在验证和测试的时候，每次输入的数据是单个数据，一般情况下无法进行拆分，因此，单gpu运算。如果增加服务器来处理大量的访问请求，要调用tensorflow serving，多个gpu不熟相同的graph，由tensorflow serving来控制请求的队列。

GPU选择

在运行tensorflow gpu时候，如果机器上存在多块显卡，并且没有在代码中进行多gpu设置，最好只用一块gpu，在运行程序的时候，可以使用如下命令

1	CUDA_VISIBLE_DEVICES=0 python **.py

如此，之后使用第一块gpu进行计算。

当然也有其他的设置方法，可以在程序中设置TensorFlow的device环境。

TensorRT

install

https://zhuanlan.zhihu.com/p/88318324

https://tbr8.org/how-to-install-tensorrt-on-centos/

TfRecord

TensorFlow推荐使用tfrecord的数据格式。

read

write

将tfrecord中的数据读出，只读取一个epoch，也就是不进行重复读取，该代码不是为了进行模型训练，只是单纯的读取tfrecord中的数据并保存本地


def tf2image(swd,data_path):
 		"""
 		swd: 读取的样本要保存的路径
 		data_path: tfrecord的路径 'xxx/xxx/*.tfrecord'格式
 		"""
    # get tfrecords
    data_files = tf.gfile.Glob(data_path)
    print('data_files',data_files)
    
    with tf.Session() as sess:
      	# generator
        filename_queue = tf.train.string_input_producer(data_files,shuffle=False,num_epochs=1) 
        # get sample from tfrecod
        reader = tf.TFRecordReader()
        _, serialized_example = reader.read(filename_queue)   
        features = tf.parse_single_example(serialized_example,
                                        features={
                                            'image_data': tf.FixedLenFeature([], dtype=tf.string)})  
        image = tf.image.decode_jpeg(features['image_data'], channels=3)
        image = tf.image.convert_image_dtype(image, tf.uint8)

        count=0
        sess.run(tf.initialize_local_variables())
        sess.run(tf.initialize_all_variables())
        # create queue
        coord=tf.train.Coordinator()
        # start queue
        threads = tf.train.start_queue_runners(coord=coord)
        
        try:
          
            while not coord.should_stop():
                single= sess.run(image)
                img=Image.fromarray(single, 'RGB')
                img.save(swd +'/'+ str(count) + '.jpg')
                count += 1
                if count % 100 == 0:
                    print ('Alreay run %d images' % count)
        except tf.errors.OutOfRangeError:
          	# if the queue is empty, break 
            print('Done running')
        finally:
            coord.request_stop()
            coord.join(threads)

Fintune

微调模型，一般指我们使用一些成型框架如VGG,GOOGLENET等，并在这个网络的基础上添加不同的网络训练层，以适应我们自己的任务。
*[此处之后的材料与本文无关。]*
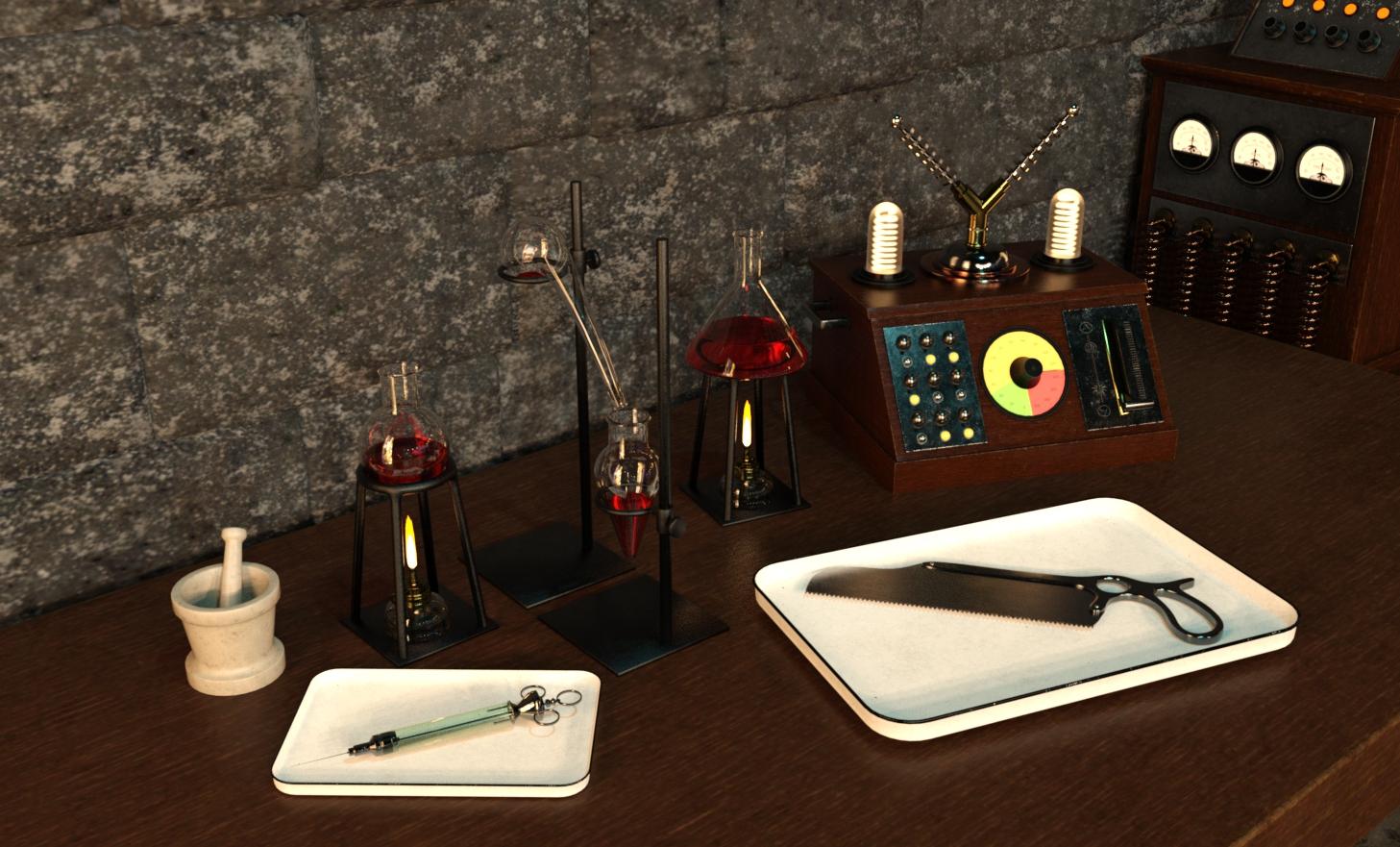 Another machine, and some more props. The retort stands are fully adustable, so you can make your own chemistry experiments, or cook up your zombie animating serum. Adjust the height of the flames in the alcohol lamps. The syringe is easily operated, and comes with a parented liquid core (not shown here) that scales from the base of the syringe, so you can fill the syringe as much as you like, and make the fluid volume diminish as you press the plunger, if you're animating. Oh look, there's the mortar and pestle again...

对于vgg等网络，一般是基于Imagenet预训练好的，因此我们没必要再重新从头训练，但是对于IMagenet是1000类，但是我们自己的任务很可能不是在这个数据集上进行的，为了快速训练模型，我们选用模型微调的方法。

加载一个预训练的模型，固定加载的这个模型的部分权重，只更新部分网络权重。

参考博客：https://blog.csdn.net/ying86615791/article/details/76215363

代码来源：tensorflow yolo3

# 训练数据集
trainset = dataset(parser, train_tfrecord, BATCH_SIZE, shuffle=SHUFFLE_SIZE)
testset = dataset(parser, test_tfrecord, BATCH_SIZE, shuffle=None)
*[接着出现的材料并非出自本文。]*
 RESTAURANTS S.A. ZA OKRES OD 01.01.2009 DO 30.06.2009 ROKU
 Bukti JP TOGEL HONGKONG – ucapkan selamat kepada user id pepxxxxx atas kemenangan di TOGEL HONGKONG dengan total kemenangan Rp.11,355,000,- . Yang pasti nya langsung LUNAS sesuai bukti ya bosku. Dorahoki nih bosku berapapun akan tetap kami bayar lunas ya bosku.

is_training = tf.placeholder(tf.bool)
example = tf.cond(is_training, lambda: trainset.get_next(), lambda: testset.get_next())

images = example[0]
y_true = example[1:]
# 整个模型结构
model = yolov3.yolov3(NUM_CLASSES, ANCHORS)
with tf.variable_scope('yolov3'):
    # pred_feature_map contains three detection feature maps
    pred_feature_map = model.forward(images, is_training=is_training)
    loss = model.compute_loss(pred_feature_map, y_true)
    y_pred = model.predict(pred_feature_map)
# 此时graph中保存着整个网络的全部节点  
graph = tf.get_default_graph()

tf.summary.scalar("loss/coord_loss",   loss[1])
tf.summary.scalar("loss/sizes_loss",   loss[2])
tf.summary.scalar("loss/confs_loss",   loss[3])
tf.summary.scalar("loss/class_loss",   loss[4])
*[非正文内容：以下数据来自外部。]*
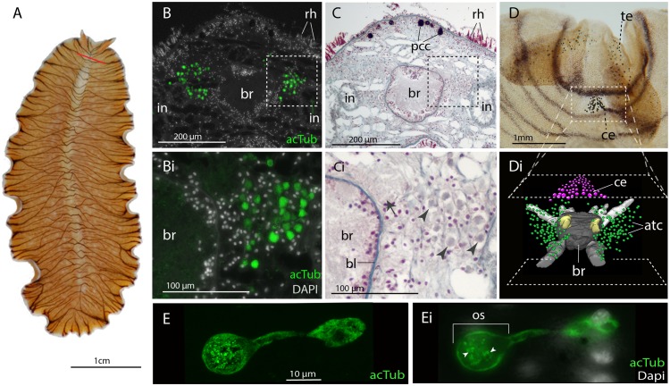 Figure 3. Acetylated tubulin staining identifies two dense clusters of extraocular cells, possible ciliary photoreceptors (CPR), either side of the adult brain.(A) Live adult, red line shows plane of cross section in B-C. (B and C) Consecutive sections showing; (B) two clusters of acetylated tubulin+ cells and; (C) their distribution between the brain (br) (which is encapsulated in a basal lamina, bl) and intestinal branches (in) (n = 5 individuals). Bi and Ci) Close up showing that these cells (arrowheads) are embedded in extracellular matrix in close proximity to the main nerve tracts (arrow). Pigment cup cells (pcc), rhabdites (rh). (D) Anterior end of adult showing pigmented eyes above the brain (cerebral eyes, ce) and on the tentacles (tentacular eyes, te). (Di) Schematised distribution of acetylated tubulin+ cells (act) and cerebral eyes on a micro-CT reconstruction of the brain and main anterior (white), posterior (gray), and two of the optic (yellow) nerve tracts. (E) Confocal projection of a putative CPR and, Ei) an optical slice of the same cell showing cilia projecting into the intra-cellular vacuole or phaosome (arrowheads) in the outer segment (os). |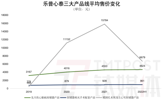 钛媒体App注意到,2019年至今,乐普心泰之所以能保持营收规模的增长,一个重要的因素是在售产品品类单价地不断攀升。一方面,乐普心泰通过乐普医疗开拓海外市场并在海外涨价,另一方面,乐普心泰价格更高的封堵器新产品不断获批推向市场,从而提升了产品线平均售价。

global_step = tf.Variable(0, trainable=False, collections=[tf.GraphKeys.LOCAL_VARIABLES])
write_op = tf.summary.merge_all()
writer_train = tf.summary.FileWriter("./checkpoint/summary/train")
writer_test = tf.summary.FileWriter("./checkpoint/summary/test")

# 要恢复的权重参数
saver_to_restore = tf.train.Saver(var_list=tf.contrib.framework.get_variables_to_restore(
    include=["yolov3/darknet-53"]))
# 要更新的网络参数
update_vars = tf.contrib.framework.get_variables_to_restore(include=["yolov3/yolo-v3"])
learning_rate = tf.train.exponential_decay(
    LR, global_step, decay_steps=DECAY_STEPS, decay_rate=DECAY_RATE, staircase=True)
optimizer = tf.train.AdamOptimizer(learning_rate)

# 只更新update_vars网络参数
update_ops = tf.get_collection(tf.GraphKeys.UPDATE_OPS)
with tf.control_dependencies(update_ops):
    train_op = optimizer.minimize(loss[0], var_list=update_vars, global_step=global_step)

# 整个模型的saver
saver = tf.train.Saver(max_to_keep=2)
# sess中的graph为整个模型的graph，很重要，这里如果不指定graph，那么sess的默认graph不会保留saver_to_restore中的节点
sess = tf.Session(config=config,graph=graph)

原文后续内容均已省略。